While in Populorum Progressio Paul VI invoked the specter of judgement and wrath if the wealthy and the wealthy nations did not change their ways, in Humanae Vitae, the encyclical in which he rejected "artificial" forms of birth control, Paul adopted a gentle, pastoral voice when he acknowledged that many couples would find very difficult putting the moral norm he articulated into practice. Though in later decades some Catholics sought to make adherence to Humanae Vitae a kind of litmus test or badge of a faithful Catholic, nothing in the remaining ten years of Paul's pontificate anticipated or promoted a move in that direction.

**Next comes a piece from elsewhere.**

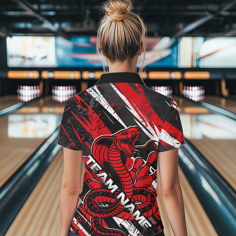 Custom Black And Red Cobra Snake Bowling Jerseys, Bowling Team Polo Shirts For Women IPHW8580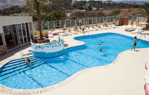 A relaxing and comfortable hotel located near to some of the best beaches around Faliraki and conveniently close to the town centre, the Ano Kampos Hotel is an ideal place from which to enjoy the sun and outstanding views of the beautiful Green island of Rhodes. The hotel has two outdoor swimming pools with sun loungers to unwind on and there is a restaurant offering a continental breakfast, lunch and dinner with a terrace for outdoor dining and a children’s menu and pool so your little one’s can have a great time too. There is a pleasant garden to add to the relaxation and the hotel’s bar offers drinks and snacks throughout the day so you can enjoy some quality time by the pool. With the sea and beaches just a short distance away, guests can enjoy the white sandy beaches in no time and there is also the town centre with its thriving night life and a nearby Water Park for exciting day time thrills. Other sites of interest close by include the Anthony Quinn Bay and Afandou Golf Course – if you feel like a quick round before dinner. Each room is cosy and comes with air-conditioning and private bathrooms with bath or shower and hairdryers available on request, and they also carry water, refrigerators and in-room safes, as well as tea and coffee making facilities for your convenience.The Ano Kampos Hotel has currency exchange and luggage storage at front desk, as well as laundry facilities, a television in the lobby and Wi-Fi available throughout.

Paul VI appointed Jean Jadot as Apostolic Delegate to the United States, a position that gave Jadot, a Belgian, a great deal of say in who was named a bishop in the U.S. Episcopal appointments in that era were quite varied, including what were considered liberals as well as conservatives; most of those appointed had strong pastoral priorities. Many of Paul's bishops played central roles in the 1980s in producing two significant letters of the United States Conference of Catholic Bishops: one on peace and nuclear armaments, and one on a just economy.

Most of Paul VI's severe critics were not liberals or progressives but conservatives that abhorred change and wanted to believe that the Church of the 1950s had been one of timeless truth and of unquestionable certitude, and thus one to be retained and restored at all costs. In 1969 Paul VI published a revised Roman Missal, and made official many liturgical changes that were underway in the wake of Vatican II's 1963 decree on the liturgy. Though some arch-conservatives continued to oppose such updating and modernization, and used appeals for a restored Latin Mass as a way of denouncing nearly everything the Council had done, Pope Paul VI did not turn back. He showed exemplary courage in remaining faithful to Vatican II's vision of a Church in the world and not merely against the world, a vision of Catholics in dialogue with other Christians, with Jews, and with persons of other faiths, a vision of a pilgrim people of God, and of a Catholic Church increasingly diverse and truly global, a Catholic Church not only teaching but also learning.

In 1975 Paul VI appealed for mercy for several men condemned to death by General Franco's regime in Spain. Pope Paul's prophetic stance against the death penalty offered a sharp contrast to some earlier popes that had given uncritical support to Franco. In this and in many ways, Blessed Pope Paul VI showed how the Church can change for the better. May such openness to change be a precious way of honoring his memory, in our era and beyond.